Alappuzha: For the first time, the Nehru Trophy Boat Race Society (NTBRS) has decided to ensure the participation of transgender community in its annual gala. The 66th edition of the Nehru Trophy, scheduled for Saturday, will have the participation of 10 transgender citizens in its green tribunal team. The food counters, which are leased out to Kudumbasree, will be run by 'Sheros' Kudumbasree unit constituted by the trans-women of Alappuzha.
Arunima Unni, an Alappuzha native and the secretary of Alappuzha Sheros Kudumbasree unit, took the initiative to secure a space for the members from transgender community in the boat race. Thanks to revenue divisional officer V R Krishna Teja IAS, who is also the secretary of NTBRS, Arunima's suggestion to include transgenders in the event management and volunteering committees was accepted and made official.
The canteen will run at Alappuzha Gender Park, situated near iron bridge, Vandanam. Seventeen trans-women will manage the operations of the canteen. Commenting on the initiative, Alappuzha municipal corporation secretary Jahangir S told Onmanorama that the corporation and the NBTRS authorities have immense pride to open a new chapter in the history of Nehru Trophy by including transgender citizens in its organising team. The NBTRS has appointed over 100 green protocol volunteers for the event, including students and civilian groups.
The society has also issued jerseys for the volunteers coloured red, green, yellow, blue and black. Special ramp and seating arrangement for differently-abled audience, snacks and comfort-seating for senior citizens and more number of comfort stations as compared to last year are some other highlights of this edition of the boat race.
The Kerala Tourism postponed the boat race, which was scheduled to be held on August 11, due to the floods that ravaged the state. High water level in Punnamada Lake and torrential downpour forced the department to postpone the event. The unexpected rescheduling of the annual grand fair has compelled the NTBRS to cut down on some of the facilities.
Alappuzha municipal corporation authorities said that the plans for managing plastic waste and drinking water distribution have been revisited in view of cost reduction. The green protocol team had earlier decided to impose fees for carrying disposable plastic containers into the gallery. Reusable containers and bags were decided to be allowed based on a token amount, which would be refunded on exit.
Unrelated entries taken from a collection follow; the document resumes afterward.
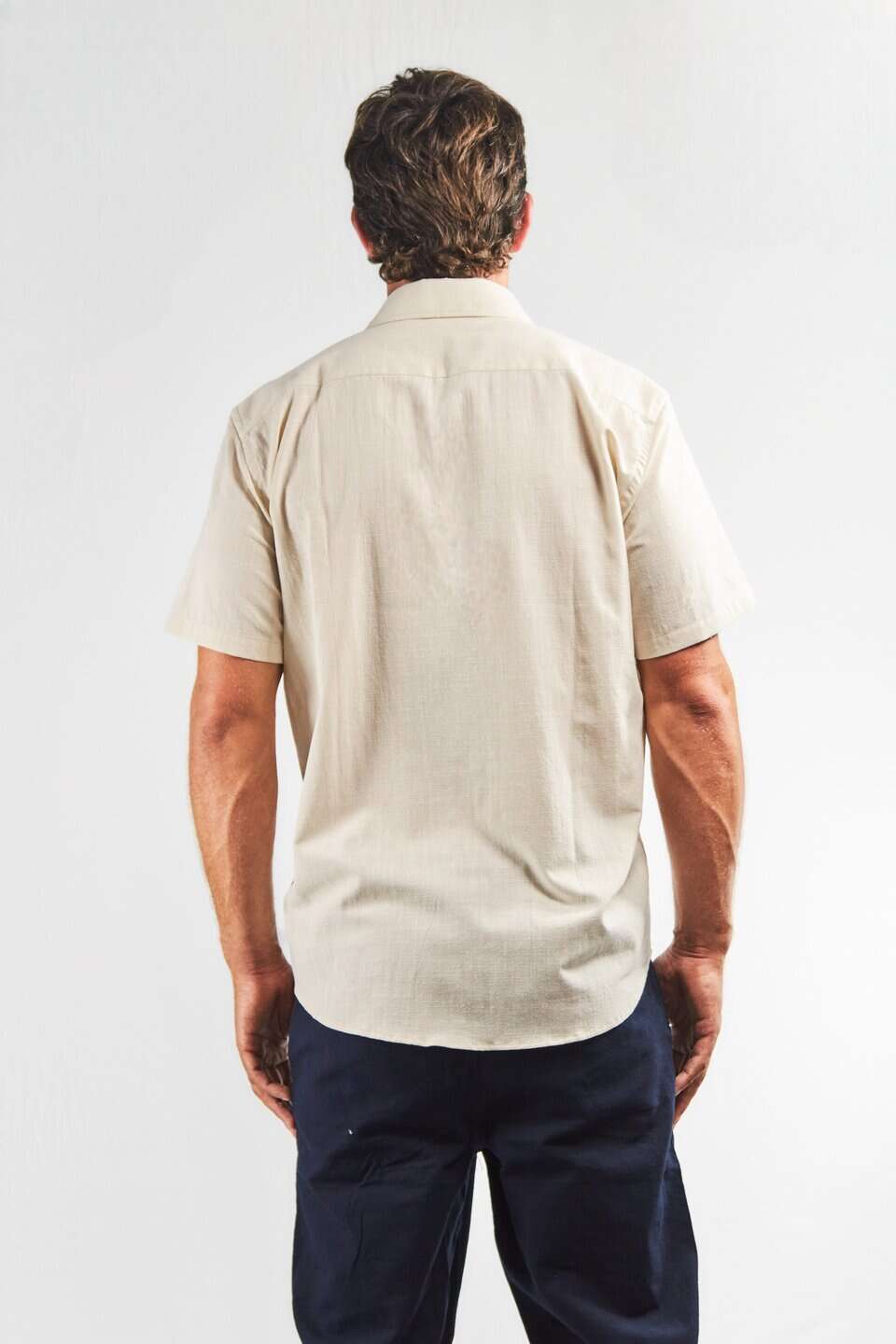 El color beige claro es fácil de combinar: con shorts de baño, chinos beige, bermudas blancas o jean denim. Funciona igual de bien en looks casual que smart-casual. El lino aporta textura y caída natural; el algodón suma suavidad y reduce arrugas → resultado impecable desde la mañana hasta la noche. Resultado: elegancia sin esfuerzo.
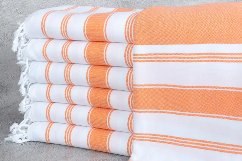 Beach Towel Embroidered Orange Stripes Beige 40x71 Inches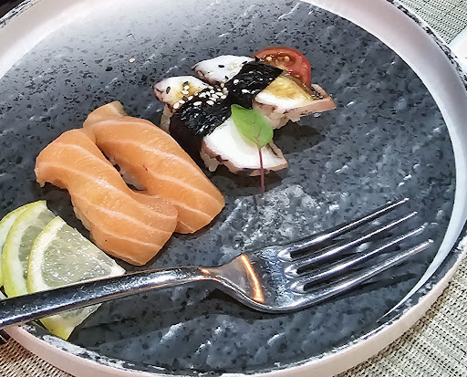 Le porzioni sono state la delusione maggiore: i nigiri erano ultra-minuscoli, mai visti così piccoli, al punto che due insieme non arrivavano a riempire un boccone. Due insieme erano uguali a metà nigiri di altri ristoranti e non sto esagerando! Quello al polpo aveva sopra una fettina sottilissima, praticamente inesistente. Una vera presa in giro, tanto che inizialmente pensavo fosse un assaggio gratuito. Anche un roll che ho ordinato era del tutto anonimo, con poca sostanza e privo di sapore. Ho ordinato alla carta, non in formula all you can eat, ma i prezzi erano identici a ristoranti che servono porzioni almeno quattro volte più abbondanti. Mi sono sentito preso in giro.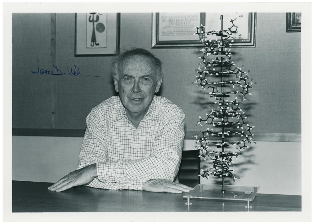 Glossy 7 x 5 photo of Watson posing with a model of the 'double-helix' structure of DNA, signed in blue ballpoint, "James D. Watson." In very fine condition.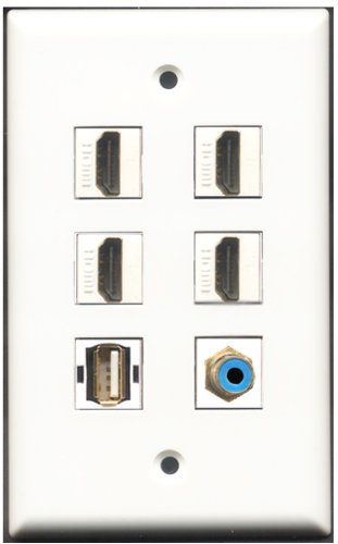 RiteAV - 4 Port HDMI 1 RCA Blue 1 USB A-A Wall Plate

The NTBRS had also made arrangements to distribute drinking water to the audience in steel vials on demand. But according to the new arrangements, the society cut short its expense by canceling its free drinking water plan. Spectators would be allowed to carry drinking water into the gallery by paying a token amount, which will be reimbursed if they take their plastic container back with them. The gallery will have at least 100 waste-collection bins, placed in every 30 metres.
A gender-neutral event
“It has been a dream of mine to watch the Nehru Trophy and contribute to the fair as I can. Fear of harassment and misbehaviour from the crowd held me back from going to the gala event. This time, I made it a point to do all what I can to make my dream come true. I approached Kudumbasree unit president first, who directed me to Krishna Teja IAS. After a pleasant meeting with him, I met Alappuzha district collector S Suhas to put forward my suggestion. All of them welcomed my idea with great joy and respect,” Arunima told Onmanorama.
Commenting on the move, RDO Krishna Teja told the media that he was extremely happy to welcome transgenders to be a part of the regatta. “They asked me whether they could be a part of the crowd fearlessly. Why be onlookers? Come on and volunteer the festival, I told them,” he said.
A team of 10 transgenders will be employed to implement the green tribunal of the boat race, he announced.
Diya Sana, another transgender who was elated by the opportunity, said she was grateful for the welcome gesture the administrators extended to her community. “I'm hopeful about our society's evolution. Until a couple of years ago, transgenders couldn't have thought of being a part of a mainstream crowd without fear of harassment and humiliation. Now we are slowly becoming a part of the mainstream society, thanks to the government and local administrations,” she said.